Here we, therefore, develop a free, open-source, user-friendly web-based tool called MSABrowser to dynamically and rapidly visualize MSAs, with the integration of variant-specific annotations [the clinical significance, phenotypic relevance, OrthoVars, post-translational modifications (PTMs), variant ID, etc.] to the corresponding positions (e.g. p. C4957Y in human RYR2 and p. C4956Y in mice Ryr2) (Fig. 1). MSABrowser is based on a JavaScript programming language that enables users to construct interactive pages with complex features, so it works easily without installation on any modern web browser.

Fig. 1.

Fig. 1.

An overview of the MSABrowser tool. MSA for homologous proteins of the human TUBA1A is depicted in this figure, along with genetic variations on the corresponding positions on sequences and associated intervals such as protein domains. (A) (I) The annotation part represents the specified intervals for the sequence and in this example, it is used for illustrating the positions of the protein domains with cross-link features that enable users to locate the website or page of the original database or article. (II) The notification part shows any type of defined modifications as a red asterisk above the sequence per position and displays the searched position in a species above the alignments. (III) The sequence alignment part contains the imported alignment data with the previously selected colour scheme. Also, rounded (circle) positions indicate that at least one genetic variation or modification exists in this position.

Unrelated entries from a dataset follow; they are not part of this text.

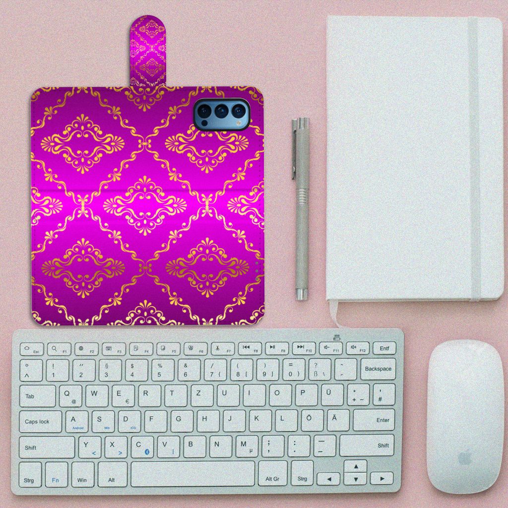 Dit super mooie Wallet Case met Barok Roze achtergrond is een geweldige en duurzame bescherming voor jouw smartphone. De roze kleuren en figuren worden met de grootst mogelijke zorg op het hoesje gezet en op alle zijden van de bookstyle case bedrukt. Dit drukwerk doen we in ons eigen magazijn, zodat we de kwaliteit van het hoesje met roze barok achtergrond kunnen garanderen. Dit roze boekhoesje is op maat gemaakt en heeft verschillende vakjes voor pasjes en briefgeld. Daarnaast is het lipje aan de buitenkant zeer handig. De case sluit hierdoor perfect af. De houder aan de binnenzijde is van tpu en zeer flexibel. Ook het lipje aan de buitenzijde wordt in roze barok bedrukt. Nergens anders tref je een boekhoesje met roze barok achtergrond aan dat zo goed past bij jouw OPPO Reno 4 Pro 5G.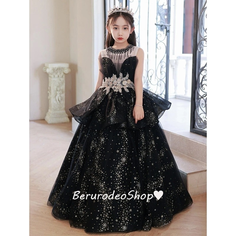 <特価>子供ドレス 黒 ピアノ発表会ドレス ロングドレス 星柄 ビーズ フリンジ キレイめ 演奏会ドレス ブラック 女児ドレス シャンパン色 女の子ドレス キッズドレス フレア 高級感 豪華 100~160c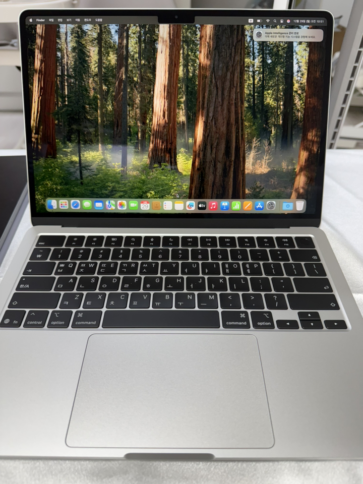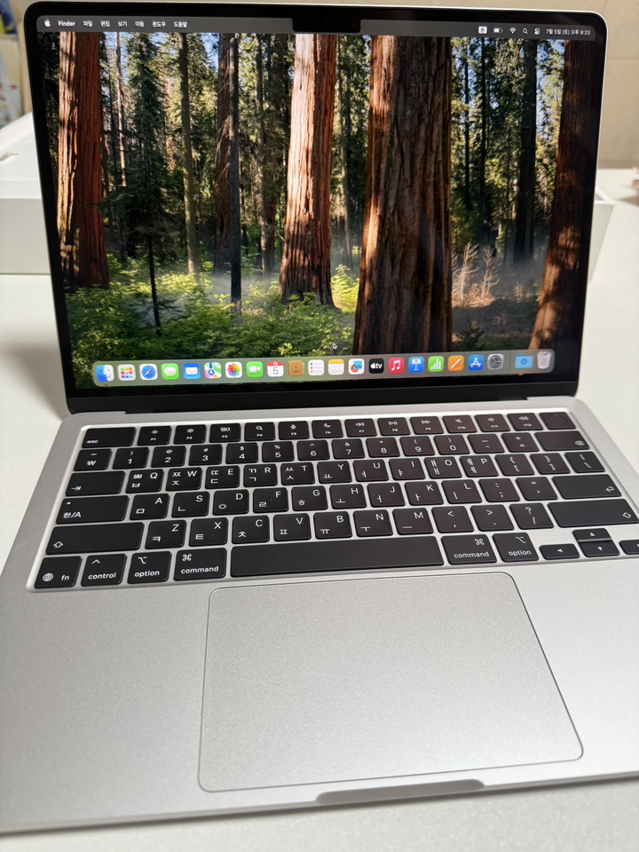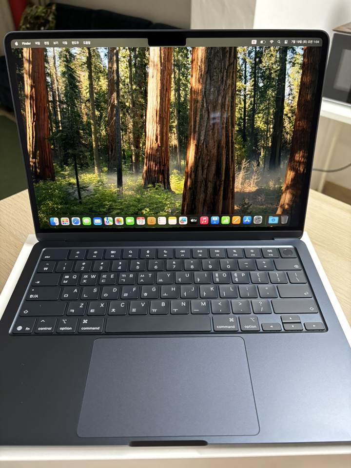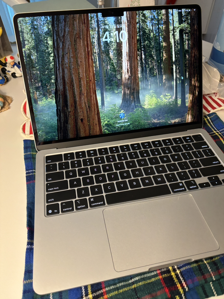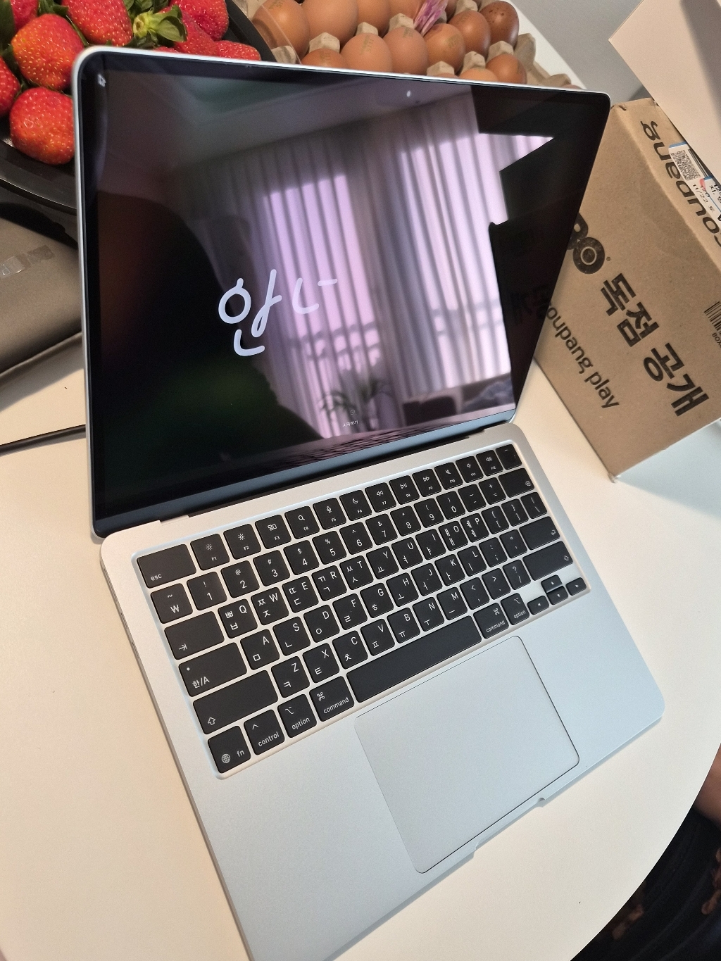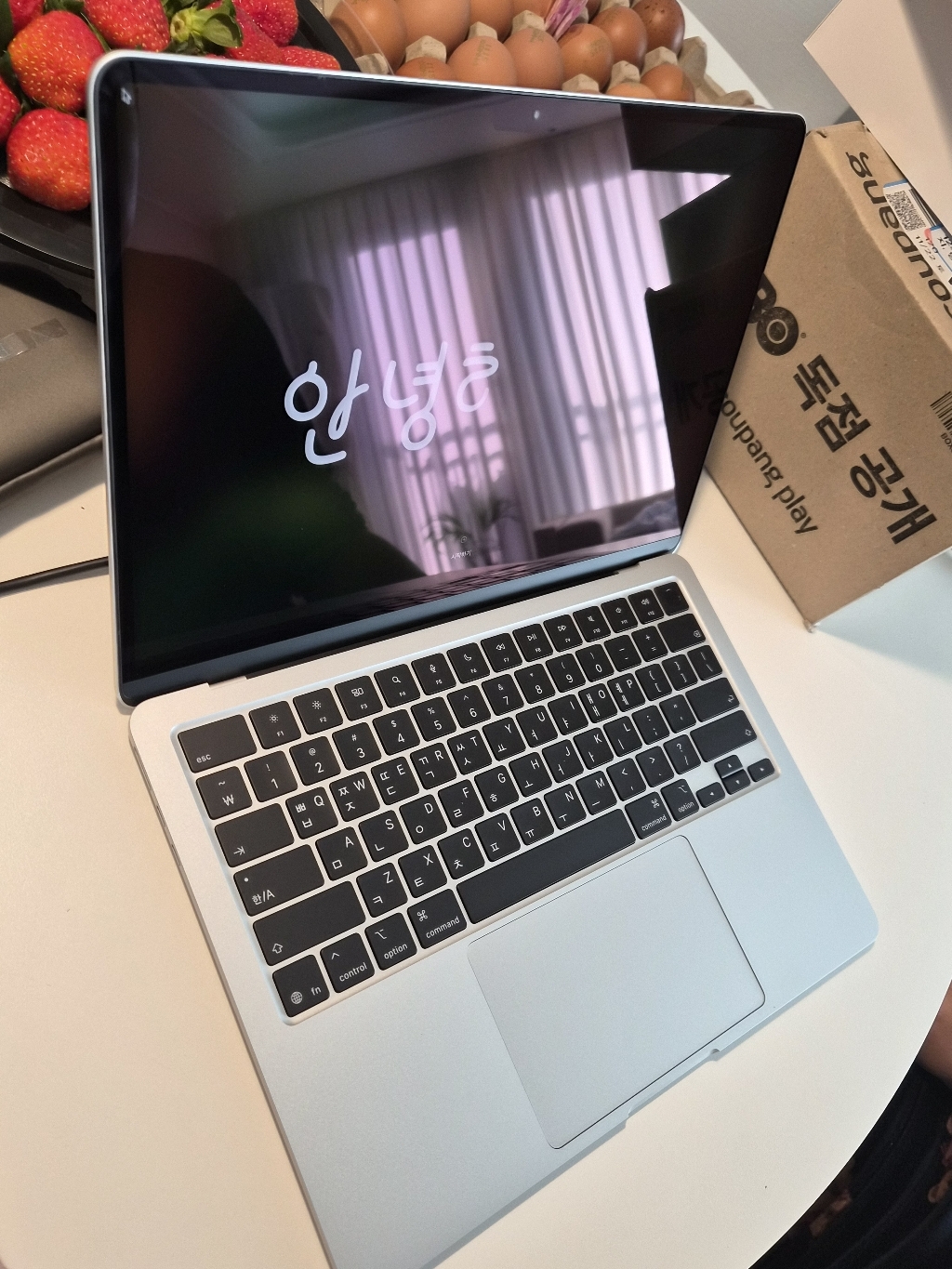 박스를 열면 맥북이 깔끔하게 포장되어 있었고, 제품 자체도 스크래치 하나 없이 완벽한 상태였습니다. 애플 특유의 심플한 디자인이 정말 예쁘고, 실제로 보면 더 고급스러워요. 전원을 켜니 바로 ‘Mac 시작하기’ 화면이 뜨고, 설정도 어렵지 않게 따라갈 수 있었습니다. 저는 맥북이 처음이라 키보드 배열이 조금 낯설긴 했지만, 한글/영문 변환도 어렵지 않고 금방 적응됐어요. 무엇보다 키감이 정말 좋고, 타이핑할 때 손이 편안한 느낌이 들어서 오래 써도 손목이 덜 피곤할 것 같아요.

A rectangular white background pop-up box appears when the mouse hovers the specific position in the sequence and the genetic variations and modifications are listed in this pop-up box. On the bottom, an auto-generated ‘Consensus’ sequence is displayed. On the left side, species names contain cross-reference links for referring to the dedicated page of the sequence according to its protein identifier such as a UniProt number and the near-white ‘x’ button enables users to hide the sequence from the alignment together with its identifier. (IV) A position in the sequence of any species listed in the alignment can be searched and the sequence alignment data in FASTA format can be downloaded with the blue button and visualization of alignment data can be exported as PNG format. Also, with the green ‘Reset’ button, it is available to reload the viewer. (B) Visualization of MSAs of six virus spike proteins with the MSABrowser tool. The positions with the annotations are marked in a circle, while the positions without annotations are displayed in a square. The full MSA comparisons with annotations can be found at our dedicated GitHub site https://thekaplanlab.github.io/ (C) Shown is the display of orthologous variants (OrthoVars), the positions of amino acid position or nucleotide, or PTMs with the programmable notification part of MSABrowser

MSABrowser introduces four major novelties: first, the flexible annotation of genetic variants (c.88C>G or p.P30A), OrthoVars, nonsense variants (a stop codon) or PTMs (ubiquitination at Lysine 2563; K2563-ub) into the respective sequence positions on the PSA and MSA (Fig. 1A–C) (Pir et al., 2021). For example, p. H565Y in human FARSB (Protein ID = human NP_005678.3) is an OrthoVar of p. H567Y in C. elegans FARS-3 (the orthologue of human FARSB; Protein ID = C. elegans NP_495785). These OrthoVars were inserted into the PSA of human FARSB and C. elegans FARS-3 at their respective sequence locations (Pir et al., 2021). Second, multiple annotations, such as small insertions/deletions, protein domains (e.g. SH3 domains) and/or user-specified intervals, and CRISPR single guide RNA (sgRNA) targeting a particular region of a genome can be added at the same time to the corresponding positions; third, the variant-specific annotations, including phenotypic data, variant ID and allele frequency, can be integrated into the corresponding positions. For example, p. R79Q in ARL13B (Protein ID = NP_001167621.1) has several variant-specific annotations, including variant ID (rs121912606), an allele frequency (3.98e-6), predicted as a pathogenic variant, and disease association (causing Joubert syndrome) (Cantagrel et al., 2008; Karczewski et al., 2020), and all of these annotations can easily be co-viewed at the respective site. Finally, while MSABrowser can dynamically and quickly visualize sequence alignments, variations and annotations, scrolling through PSAs/MSAs, searching and custom styling are implemented, thus allowing for a quick search of a specific position in species (such as 4th position in the first protein or 68th position in the second genomic sequence). Because scrolling to specific positions is not always possible, MSABrowser provides a feature that directly navigates users to specific positions. Furthermore, MSABrowser allows users to expand the context to include an image, link or other components (HTML tag) in the pop-up box (Fig. 1A).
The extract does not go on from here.